SOMETIMES life has a habit of kicking you when you are down, but in the case of Newcastle United last night it clumsily elbowed them out of the way.
The Magpies travelled to Craven Cottage unbeaten in the league this year (okay, it is only the first week of February), but plenty of those watching in the stands and on television did so expecting to see a drama develop into a crisis.
Their morale battered by Andy Carroll’s controversial departure, a trip to in-form Fulham arguably took on “must-not-lose” proportions. Not only did Newcastle do that, they lost the man expected to shoulder the burden until the Magpies can buy a replacement for the £35m man. And just to round it off, it was another former United player, Damien Duff, who delivered the winning goal.
A lone banner in the away end read “Judas Carroll” as the teams ran out but the disparaging chants were aimed at Newcastle’s owner rather than Liverpool’s number nine. The only time the 22-year-old was when the cocky home fans felt confident enough of three points to taunt their visitors.
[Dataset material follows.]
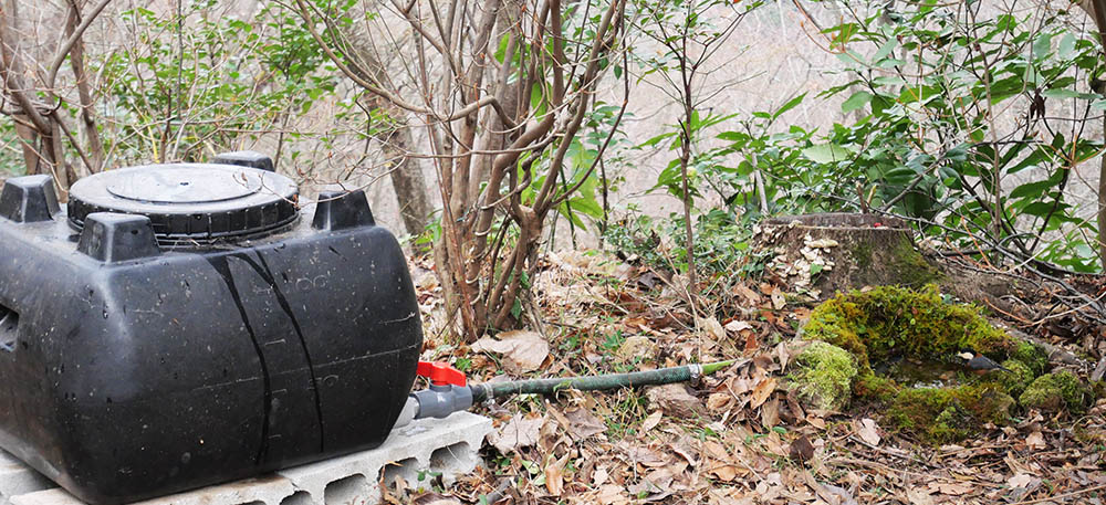 以前にも作っていましたが、イノシシがタンクなどを斜面に落としてアウト。

Having lost their top-scorer so controversially on Monday, it was perhaps inevitable the next man in the striking pecking order would be quick to follow him. Shola Ameobi’s body has never sat easily within his big frame, but it was a flailing elbow which caused his latest injury. With just 13 minutes gone, Steve Sidwell’s arm was a little too high when it connected with Ameobi’s cheekbone. The dazed forward was unable to continue, yet his team never got as much as a free-kick in compensation.
With or without Ameobi, goalscoring chances were hard to come by, though Fulham had the better of them.
Reinvigorated rather than demoralised by their January business and on the back of a thumping FA Cup win, Fulham were always on top in the first half, and Clint Dempsey their chief weapon.
The American – his place under threat from loan signing Gael Kakuta – was nearly on the scoresheet within 10 minutes, a fraction away from Andrew Johnson’s fizzed cross. Only quick thinking from Steve Harper stopped him getting to a throughball cleverly threaded by Danny Murphy.
The goalkeeper would have to be quick off his line again in first-half added time, heading away a long ball with Mike Williamson and Johnson bearing down on him.
As the man detailed to mark Dempsey, Danny Simpson was in for a difficult night and it got harder on the half hour when he was booked for being all over the winger having been dragged out of his comfort zone into the middle. But United escaped another such incident quickly after.